:: Data extract ::
+ + + +

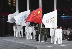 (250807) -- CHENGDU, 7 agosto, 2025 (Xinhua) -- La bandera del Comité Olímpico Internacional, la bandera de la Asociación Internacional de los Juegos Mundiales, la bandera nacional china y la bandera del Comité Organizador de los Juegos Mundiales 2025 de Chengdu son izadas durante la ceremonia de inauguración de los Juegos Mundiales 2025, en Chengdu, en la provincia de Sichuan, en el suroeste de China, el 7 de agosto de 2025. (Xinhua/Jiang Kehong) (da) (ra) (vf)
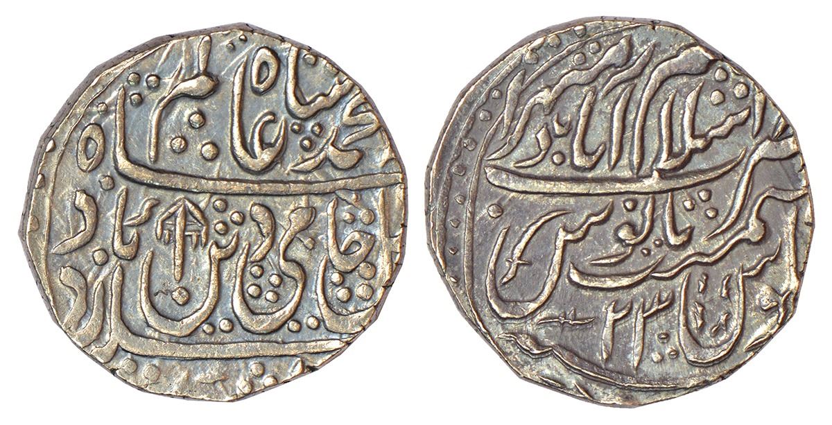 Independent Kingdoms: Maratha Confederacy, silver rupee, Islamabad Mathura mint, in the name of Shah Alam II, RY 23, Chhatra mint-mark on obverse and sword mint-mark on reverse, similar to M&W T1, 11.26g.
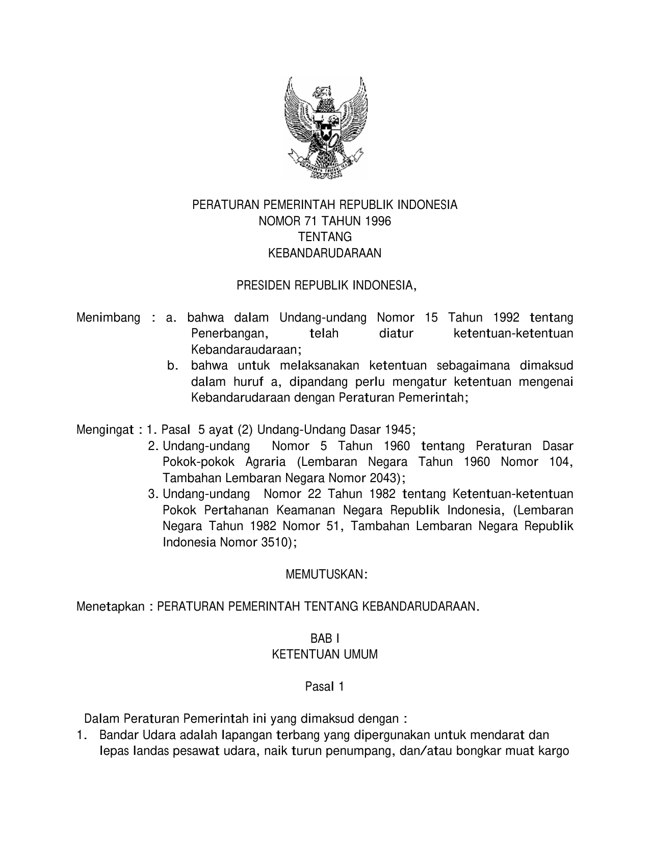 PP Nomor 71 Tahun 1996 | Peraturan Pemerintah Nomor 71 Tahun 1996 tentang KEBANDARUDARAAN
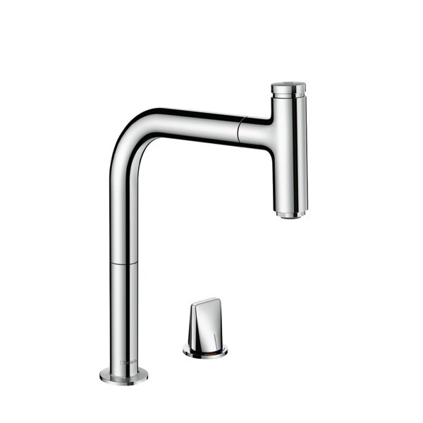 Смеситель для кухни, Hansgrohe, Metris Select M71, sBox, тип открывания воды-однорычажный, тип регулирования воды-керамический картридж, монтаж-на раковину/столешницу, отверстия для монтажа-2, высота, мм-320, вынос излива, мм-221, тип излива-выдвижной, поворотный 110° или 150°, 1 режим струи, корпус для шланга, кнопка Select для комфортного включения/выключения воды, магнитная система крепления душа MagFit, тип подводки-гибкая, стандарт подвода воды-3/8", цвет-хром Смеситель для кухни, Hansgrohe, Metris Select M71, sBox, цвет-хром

+ + + +

:: Exercise goal ::
Retype the line containing "PP Nomor 71" and all lines after it to the end of the material, exactly as written, leaving out any pictures.

:: Response to this task ::
 PP Nomor 71 Tahun 1996 | Peraturan Pemerintah Nomor 71 Tahun 1996 tentang KEBANDARUDARAAN
 Смеситель для кухни, Hansgrohe, Metris Select M71, sBox, тип открывания воды-однорычажный, тип регулирования воды-керамический картридж, монтаж-на раковину/столешницу, отверстия для монтажа-2, высота, мм-320, вынос излива, мм-221, тип излива-выдвижной, поворотный 110° или 150°, 1 режим струи, корпус для шланга, кнопка Select для комфортного включения/выключения воды, магнитная система крепления душа MagFit, тип подводки-гибкая, стандарт подвода воды-3/8", цвет-хром Смеситель для кухни, Hansgrohe, Metris Select M71, sBox, цвет-хром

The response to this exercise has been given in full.